▶ **DATA PROVIDED**
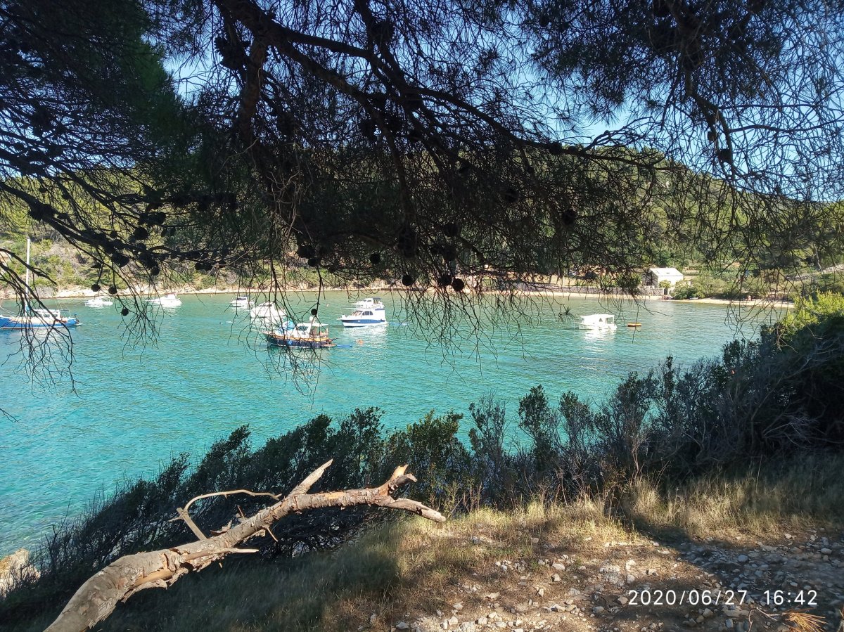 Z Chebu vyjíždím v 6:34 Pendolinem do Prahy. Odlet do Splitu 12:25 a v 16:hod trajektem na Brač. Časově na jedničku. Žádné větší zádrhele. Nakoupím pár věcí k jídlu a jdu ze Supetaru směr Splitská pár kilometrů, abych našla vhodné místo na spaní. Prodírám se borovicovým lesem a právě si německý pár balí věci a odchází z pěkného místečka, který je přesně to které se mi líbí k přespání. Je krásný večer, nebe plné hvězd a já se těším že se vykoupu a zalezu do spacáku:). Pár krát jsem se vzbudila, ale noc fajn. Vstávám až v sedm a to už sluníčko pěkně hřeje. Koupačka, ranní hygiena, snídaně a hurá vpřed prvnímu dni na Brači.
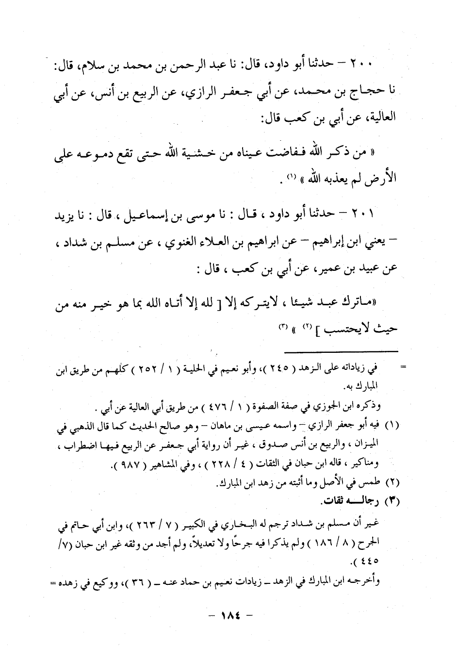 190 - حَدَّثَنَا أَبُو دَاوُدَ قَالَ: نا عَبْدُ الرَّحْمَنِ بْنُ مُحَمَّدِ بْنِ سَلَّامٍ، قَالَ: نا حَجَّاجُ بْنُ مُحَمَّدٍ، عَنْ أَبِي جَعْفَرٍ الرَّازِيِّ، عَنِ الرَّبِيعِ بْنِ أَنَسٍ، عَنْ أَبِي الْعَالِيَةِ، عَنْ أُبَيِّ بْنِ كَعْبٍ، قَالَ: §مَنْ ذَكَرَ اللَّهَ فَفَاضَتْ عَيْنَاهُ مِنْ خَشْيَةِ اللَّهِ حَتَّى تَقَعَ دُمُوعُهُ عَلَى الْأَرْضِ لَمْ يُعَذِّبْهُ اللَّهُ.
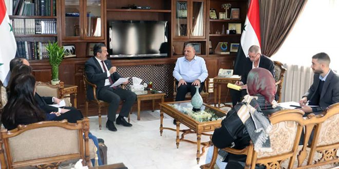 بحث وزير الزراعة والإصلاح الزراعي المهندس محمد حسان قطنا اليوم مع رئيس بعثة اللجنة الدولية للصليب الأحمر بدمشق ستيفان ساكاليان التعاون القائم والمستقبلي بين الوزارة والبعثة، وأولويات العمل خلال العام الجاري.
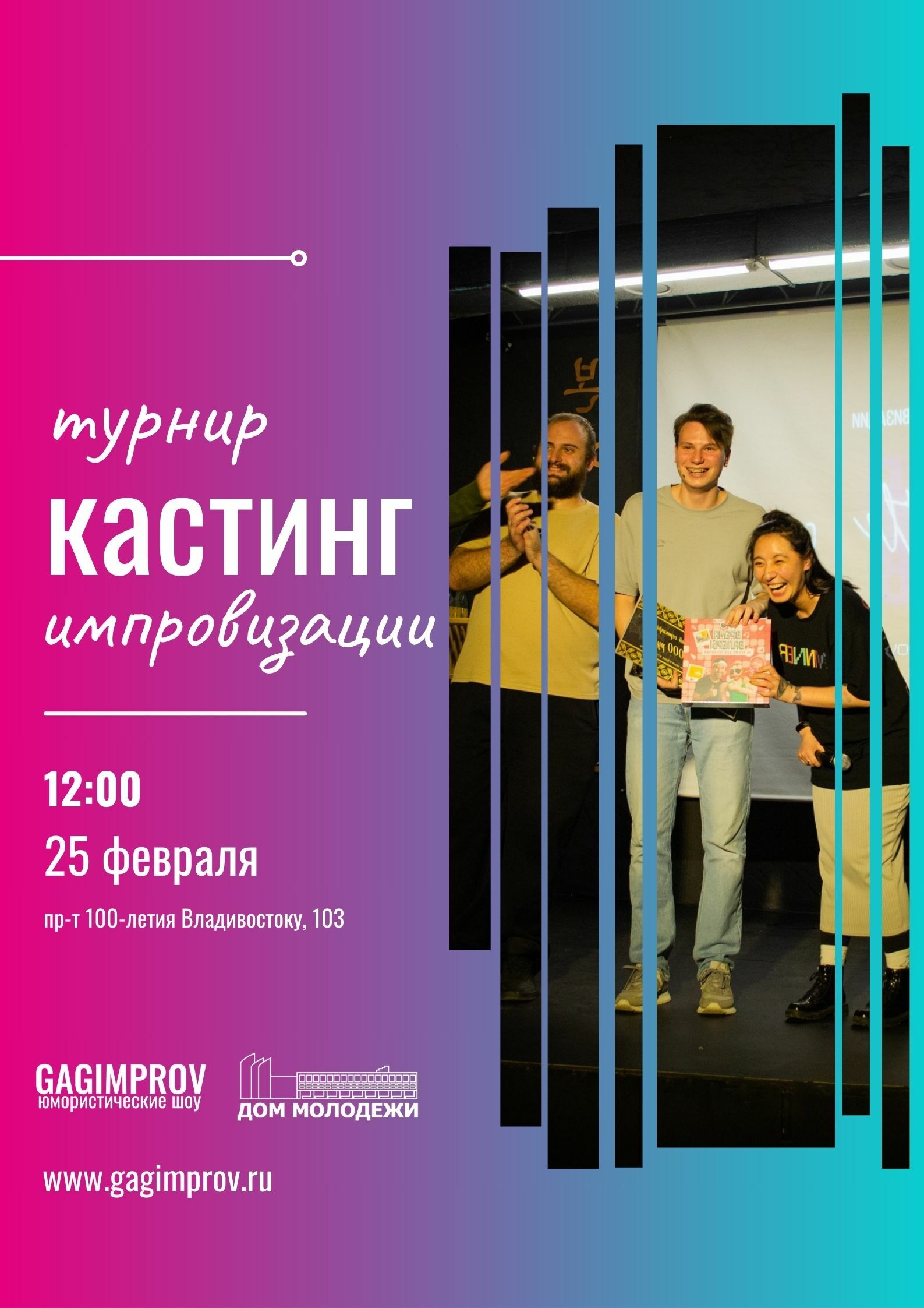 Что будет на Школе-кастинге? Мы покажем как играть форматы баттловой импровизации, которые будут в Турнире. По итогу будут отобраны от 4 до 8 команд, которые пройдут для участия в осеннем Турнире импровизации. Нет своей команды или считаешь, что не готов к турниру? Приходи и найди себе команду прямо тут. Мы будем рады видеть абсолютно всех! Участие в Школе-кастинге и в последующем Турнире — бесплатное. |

▶ **TASK BRIEF**
With every picture left out, print exactly the lines from the one containing "190 - حَدَّثَنَا" through the final line of the material above.

▶ **RESPONSE BOX**
 190 - حَدَّثَنَا أَبُو دَاوُدَ قَالَ: نا عَبْدُ الرَّحْمَنِ بْنُ مُحَمَّدِ بْنِ سَلَّامٍ، قَالَ: نا حَجَّاجُ بْنُ مُحَمَّدٍ، عَنْ أَبِي جَعْفَرٍ الرَّازِيِّ، عَنِ الرَّبِيعِ بْنِ أَنَسٍ، عَنْ أَبِي الْعَالِيَةِ، عَنْ أُبَيِّ بْنِ كَعْبٍ، قَالَ: §مَنْ ذَكَرَ اللَّهَ فَفَاضَتْ عَيْنَاهُ مِنْ خَشْيَةِ اللَّهِ حَتَّى تَقَعَ دُمُوعُهُ عَلَى الْأَرْضِ لَمْ يُعَذِّبْهُ اللَّهُ.
 بحث وزير الزراعة والإصلاح الزراعي المهندس محمد حسان قطنا اليوم مع رئيس بعثة اللجنة الدولية للصليب الأحمر بدمشق ستيفان ساكاليان التعاون القائم والمستقبلي بين الوزارة والبعثة، وأولويات العمل خلال العام الجاري.
 Что будет на Школе-кастинге? Мы покажем как играть форматы баттловой импровизации, которые будут в Турнире. По итогу будут отобраны от 4 до 8 команд, которые пройдут для участия в осеннем Турнире импровизации. Нет своей команды или считаешь, что не готов к турниру? Приходи и найди себе команду прямо тут. Мы будем рады видеть абсолютно всех! Участие в Школе-кастинге и в последующем Турнире — бесплатное. |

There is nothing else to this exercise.